Gra...you are my hero..  8)


----------



## Biggles (Jan 6, 2008)

Top post Gra, thanks for the read mate.

Regards

Al


----------



## Jeprox (Apr 6, 2007)

Twas truly a battle of epic proportions that left we three witnesses slack jawed in wonder.

I am so grateful to be Lord Gra's trusty sidekick and squire.

We were not worthy.

Lowly Obsequeous Jeprox ( a modern day Baldrick )

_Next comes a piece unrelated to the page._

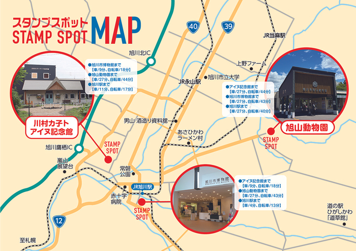 ※旭山動物園内のスタンプスポットは、アイヌとゆかりのある動物の園舎を含めた5カ所に設置。スタンプスポットには、川村カ子トアイヌ記念館監修によるその動物のイラストや解説を掲載しています。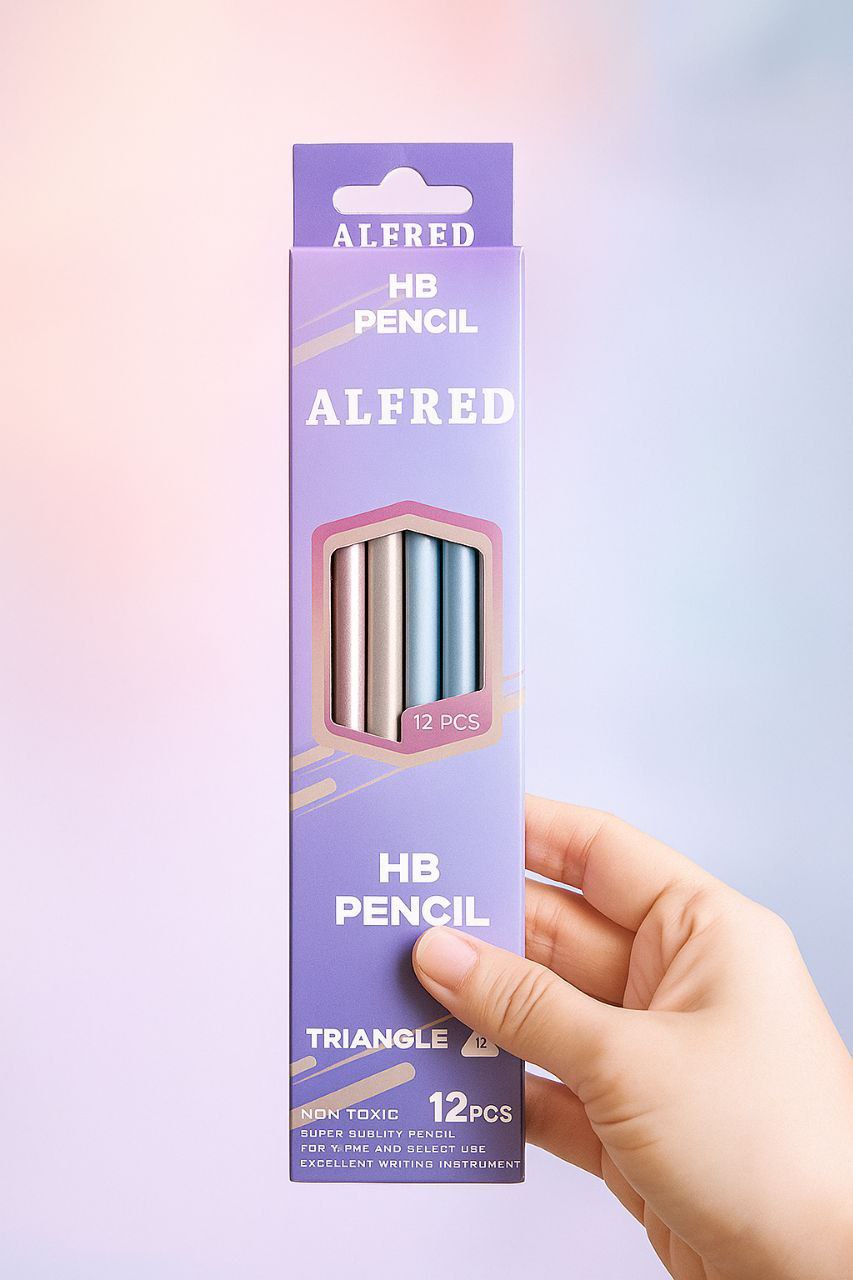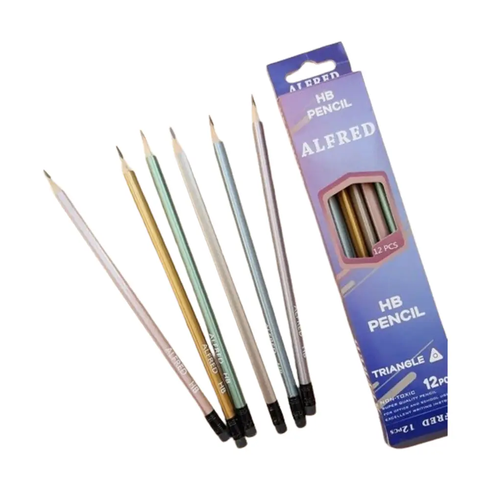 مداد سیاه متالیک Alfred بسته ۱۲ عددی، بدنه سه گوش

And the sphincter ............... We could have lived without the reminder


----------



## paulo (Nov 1, 2007)

Gra, Excellent account of your attempted slaying of the beast. No doubt the water will be thick with try-hard wannabes this weekend looking for the fabled barratoga. I will definitely make the next outing.


----------



## Dodge (Oct 12, 2005)

gra said:


> and my mental state was still somewhat clouded by the sedatives I had inadvertently ingested the nigh


Your epistle after such a fight and subsequent sedatives is a masterpiece Gra :lol: :lol: :lol:

Wazz spelled out in detail the windy activities at Maroon and drooled when he saw glassy conditions at Hinze this morning ;-)


----------



## Jeprox (Apr 6, 2007)

gra said:


> Every one of us is a proud AKFF member so it's always easy to find out what's going on.
> 
> Regards, Gra.


As Gra said, were all AKFFers in the ECKFC so I thought you might want to see our ugly dials. We are L-R : Estuary Girl, SteveM, Macfish, Fishbrain, Gra, Seadog, WayneD, Jeprox, & Shoey. Other members who attended but didn't stick around for Sunday's Group Hug and Class Photo were: Gigantor, Tomtre & that tinny bastard PDO.

Jeff


----------



## Jeprox (Apr 6, 2007)

Make that two photos. Modern day Baldrick is a technology tragic !


----------



## Jeprox (Apr 6, 2007)

I KNOW you're all hanging out for this, so I will tittilate and tantalize with this image. Behold the Lair of the Beast! Beneath that seemingly serene carpet of duckweed lurks pure evil. Sorry no GPS co-ordinates or I'll see myself dismissed from servitude by Lord Gra.

Jeff


----------



## JTC (Oct 19, 2007)

Awesome read... Genuinely humorous and truly epic!

Cheers,

Jason


----------



## Seadog (Nov 5, 2007)

Had a good time at maroon - it was good experience and i enjoyed the company looking forward to next trip but hope weather is lot better    ill be better prepared fishing wise next time good one gar ;-) ;-) ;-)


----------



## Seasquirt (Jul 17, 2007)

Absolutely great read Gra, I am sure you will see that fabled beast again sometime soon. A weekend of trials and tribulations and good company was had by all by the sounds of things. Would love to attend the next meet.

Cheers all, 
Pam


----------



## Cuda (Sep 18, 2006)

Ah yes, the much fabled one that got away. Many a mere mortal has lived through this tragic scenario, never to be the same again after doing battle with a denizen from the deep - Gra's "sphincter" will certainly never be the same going by the vivid description provided in his spectacular account of his epic struggle with the monstrous evil beastly Barratoga that lurks beneath the duckweed that so lured Gra to his doom! :shock: :twisted:  :lol: :lol: :lol: :lol: :lol: :lol: :lol: :lol: 
Well told Gra ;-)


----------



## swampy (Nov 26, 2007)

A true literary masterpiece.   

Swampy


----------



## spottymac (Aug 29, 2005)

Top read gra, not only are you good with a pen your skill at rod building made it look easy the other night.


----------



## Big D (Apr 28, 2007)

Sounds a lot like my battle with the redtail king head, but in my case I simply went camping, fishing and caught the bugger! :lol:


----------